[GIVEN DATA — start]
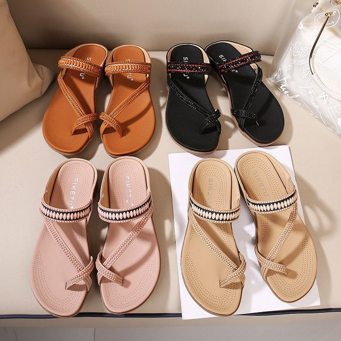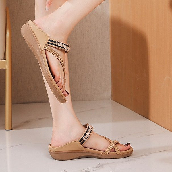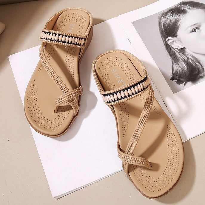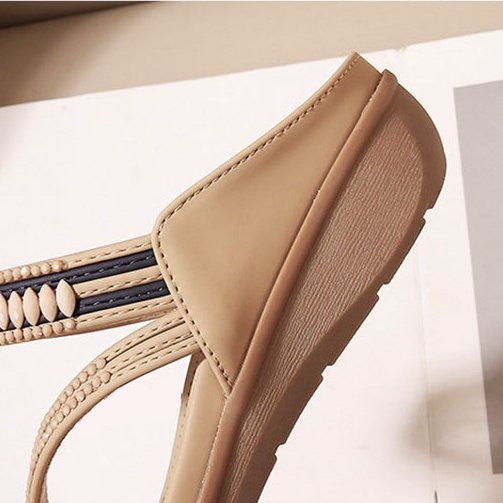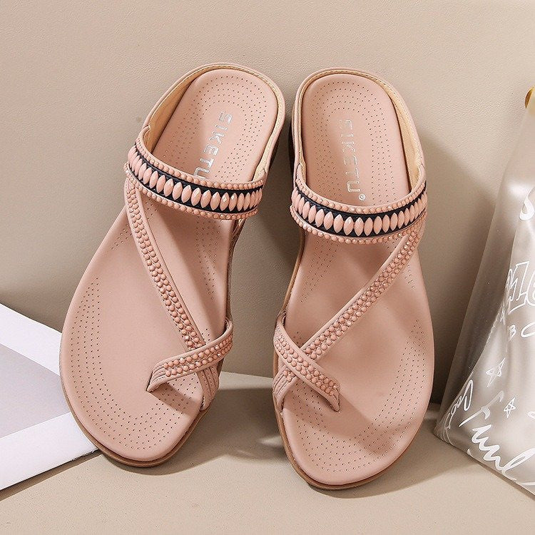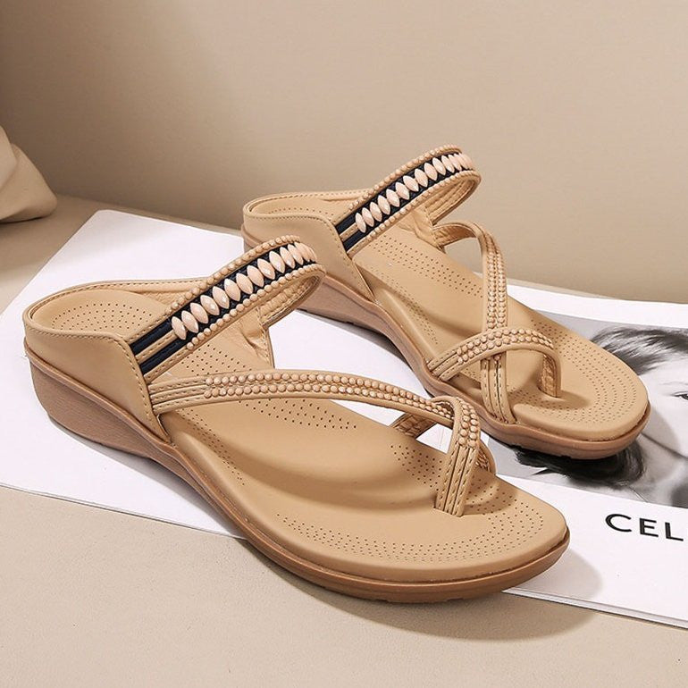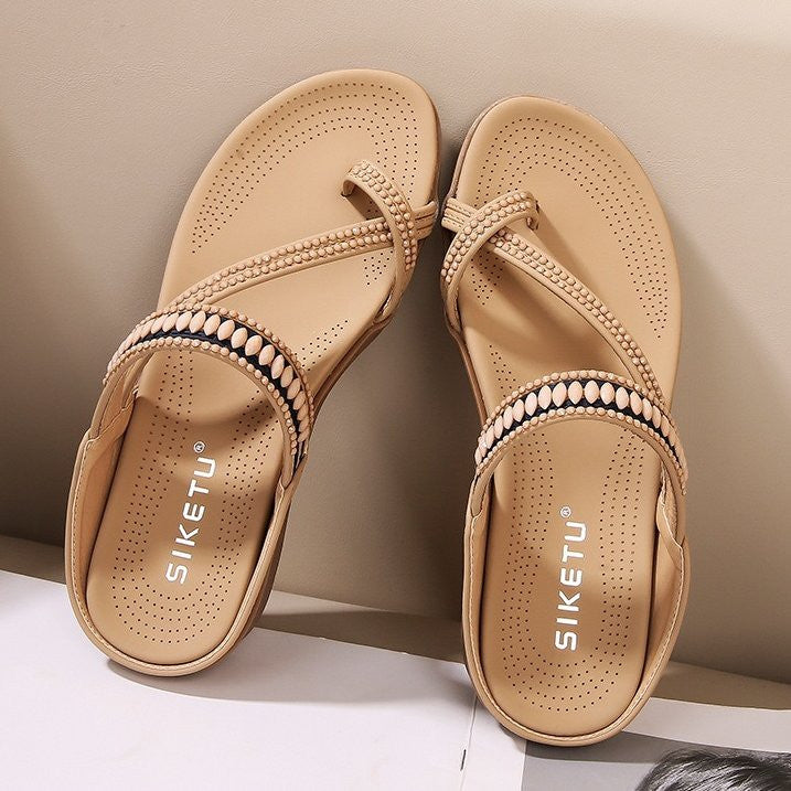 OCW Women Retro Flip-flops Beaded Cushion Summer Orthopedic Sandals
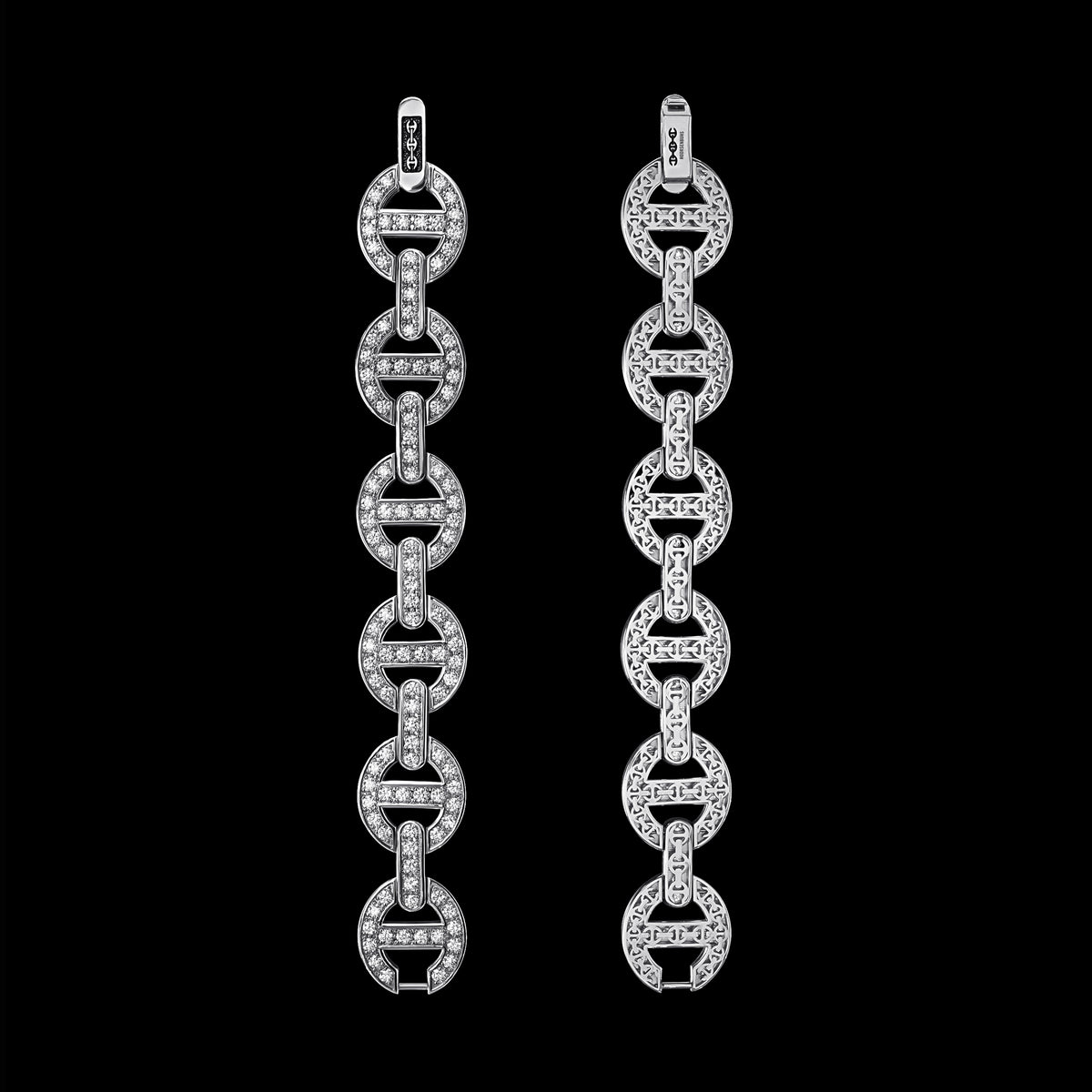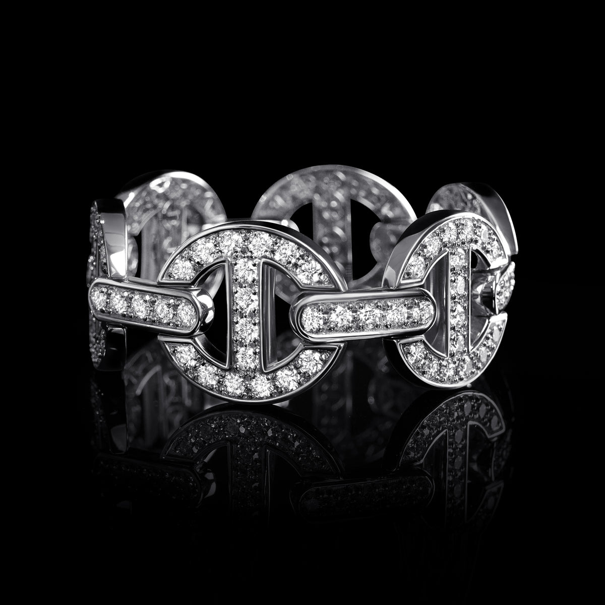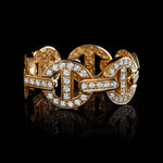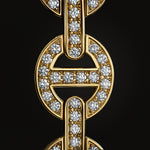 Unit price perThe Antiquated MMV [large] hinged bracelet, hand crafted with our iconic tri-link motif in weighted 18k gold, features silhouetted iterations of the tri-link, hand set in it’s entirety, with 20 karats of G VS1 natural diamonds. High jewelry at it’s finest.
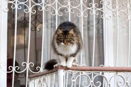 beautiful cat on the street, siberian breed of cat
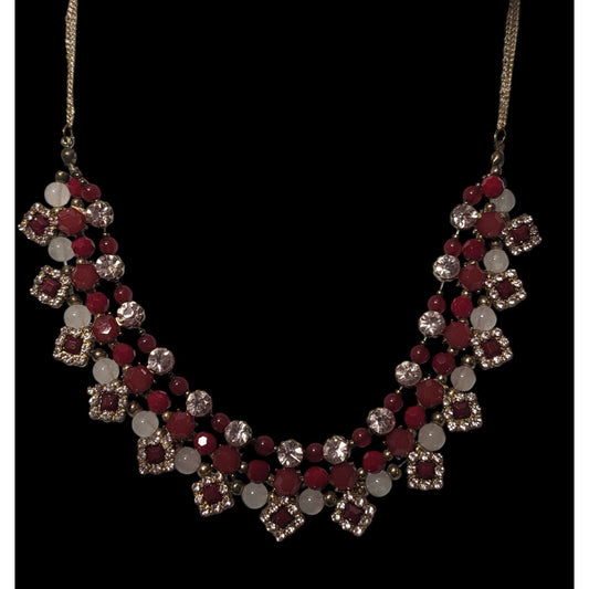 Elegant Glam Red And silver Rhinestone Statement Necklace
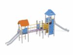 Turm 19 Artikelnr. 1146EPO Spielanlage bestehend aus zwei Türmen, einem mit Satteldach und dem anderen mit Walmdach, einer Rohrausführung, einer Tunnelbrücke, zwei Rutschbahnen, einem Sprossenaufstieg, einem dreieckigem Podest, 4 quadratischen Podesten, 4 Einstiegen. Diese Spielanlage ist auch als Ausführung mit feuerverzinkten Pfosten erhältlich.
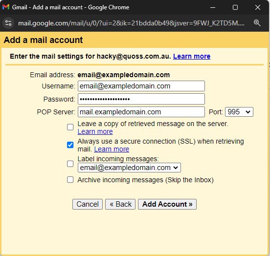 | mail.exampledomain.com | put a “mail.” before your actual domain name |
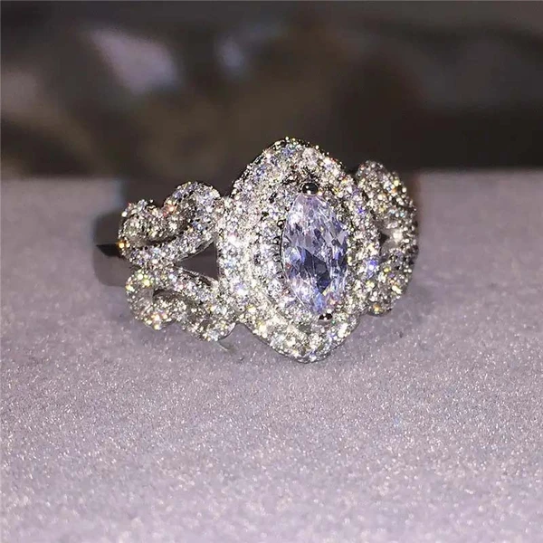 خاتم زفاف جديد من الزركون اللامع على شكل عين حصان إبداعي مجوهرات حية للنساء
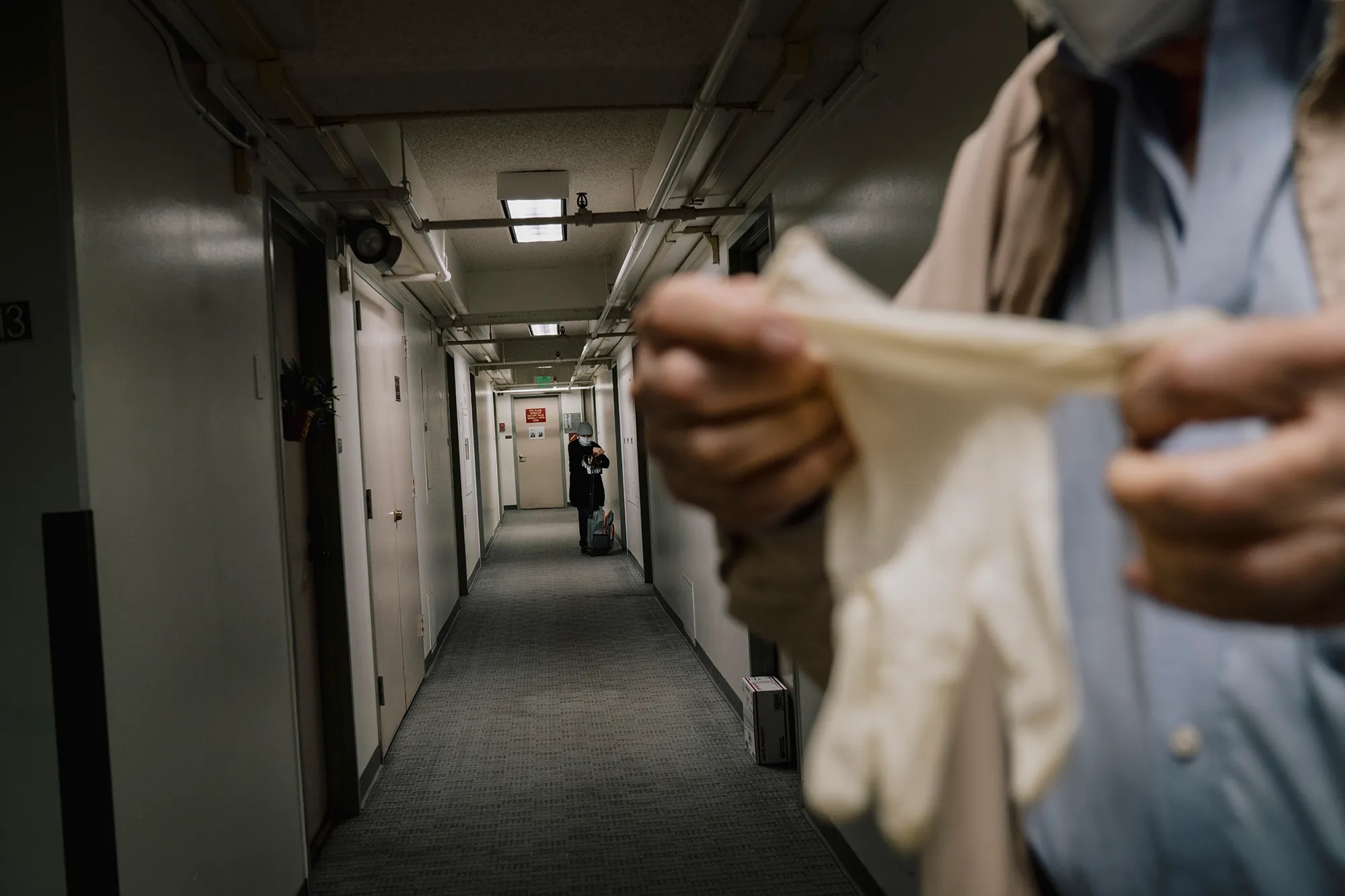 Residents of an affordable senior housing complex in Santa Monica stand in a hallway in 2020. (Isadora Kosofsky for CalMatters/CatchLight)
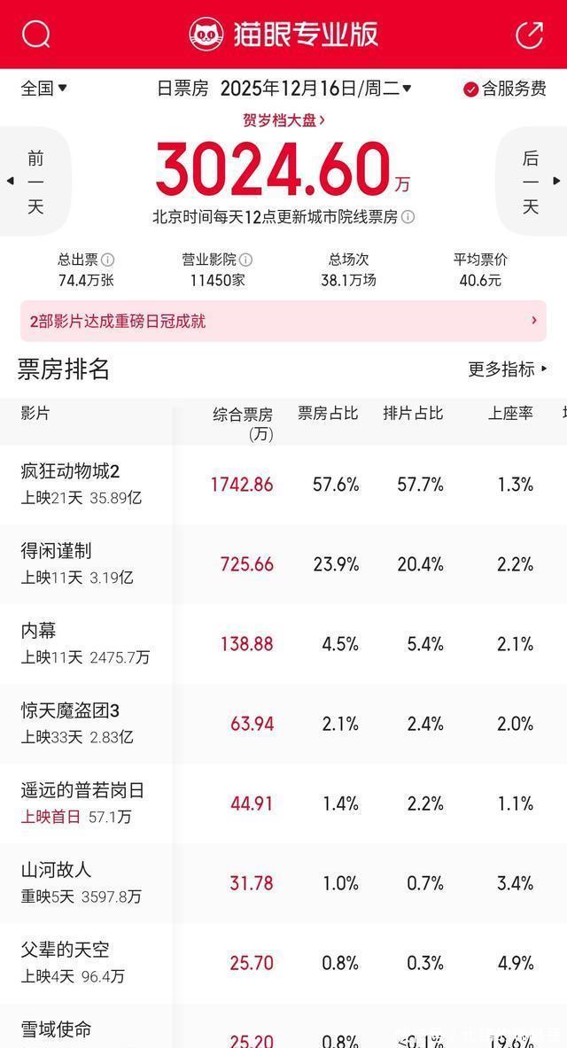 【数字飙榜,单日票房】 2025年12月16日(周二)大盘票房3024.60万东谈主民币; TOP1拜伦·霍华德、杰拉德·布什和瑞奇·摩尔导演,杰森·贝特曼、金妮弗·古德温、关继威和福琼·费姆斯特英语原版配音,大鹏、金晨、王安宇和费翔等国语配音的动画片《猖獗的动物城2》当日票房1742.86万,位列单日票房榜冠军,票房占比57.6%,排片占比57.7%,上座率1.3%,上映21天累计票房35.89亿东谈主民币。
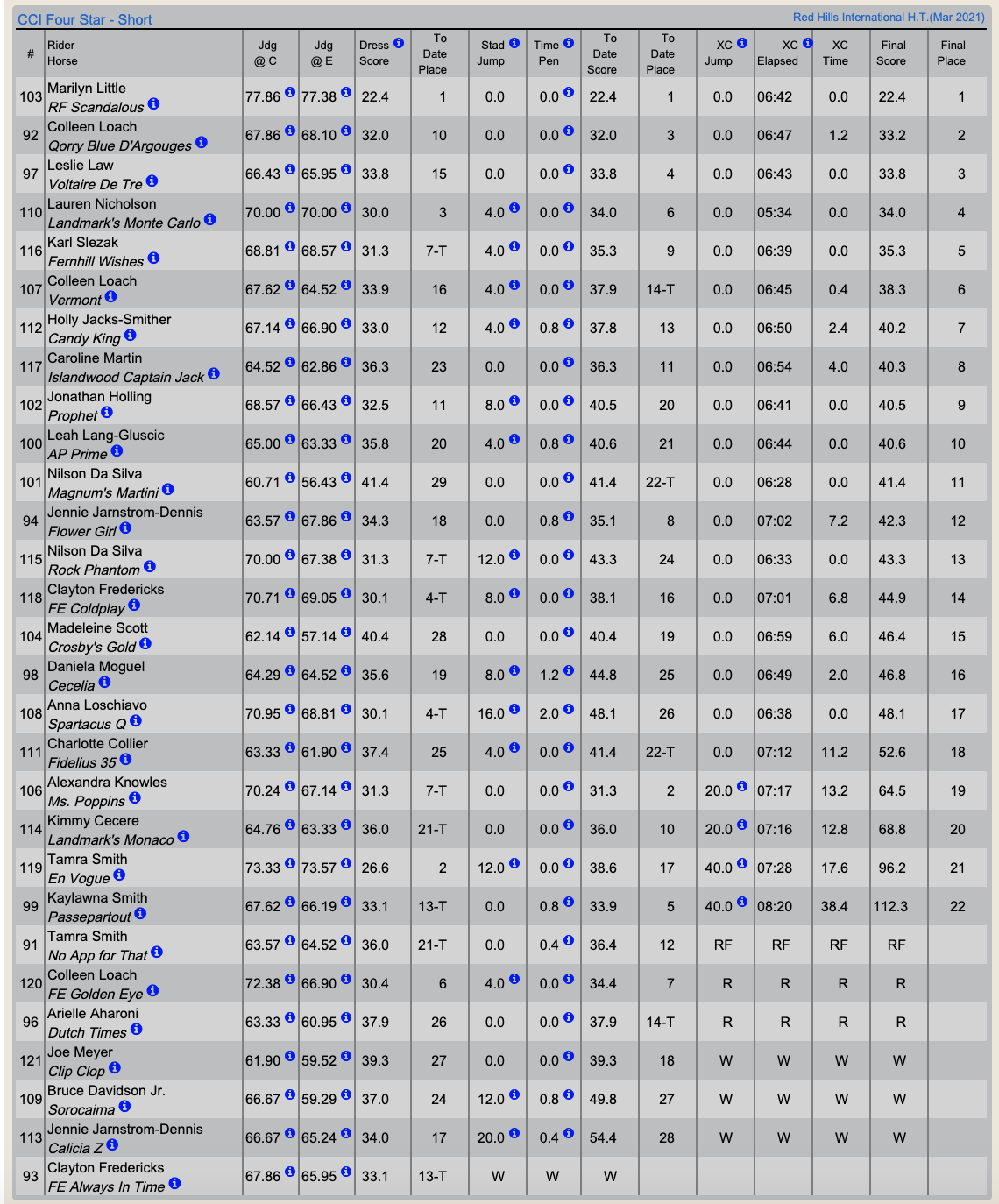 Marilyn Little and RF Scandalous began their weekend in the CCI4*-S at the 2021 Red Hills International Horse Trials with a strong performance in dressage and added two clean jumping phases to finish on their dressage score of 22.4 and take home the blue ribbon.
[GIVEN DATA — finish]
## TRY IT
Would you restate, word for word and with no pictures, only the lines from the opening of the material through the line with "Elegant Glam Red", both included?

## FINISHED TASK
 OCW Women Retro Flip-flops Beaded Cushion Summer Orthopedic Sandals
 Unit price perThe Antiquated MMV [large] hinged bracelet, hand crafted with our iconic tri-link motif in weighted 18k gold, features silhouetted iterations of the tri-link, hand set in it’s entirety, with 20 karats of G VS1 natural diamonds. High jewelry at it’s finest.
 beautiful cat on the street, siberian breed of cat
 Elegant Glam Red And silver Rhinestone Statement Necklace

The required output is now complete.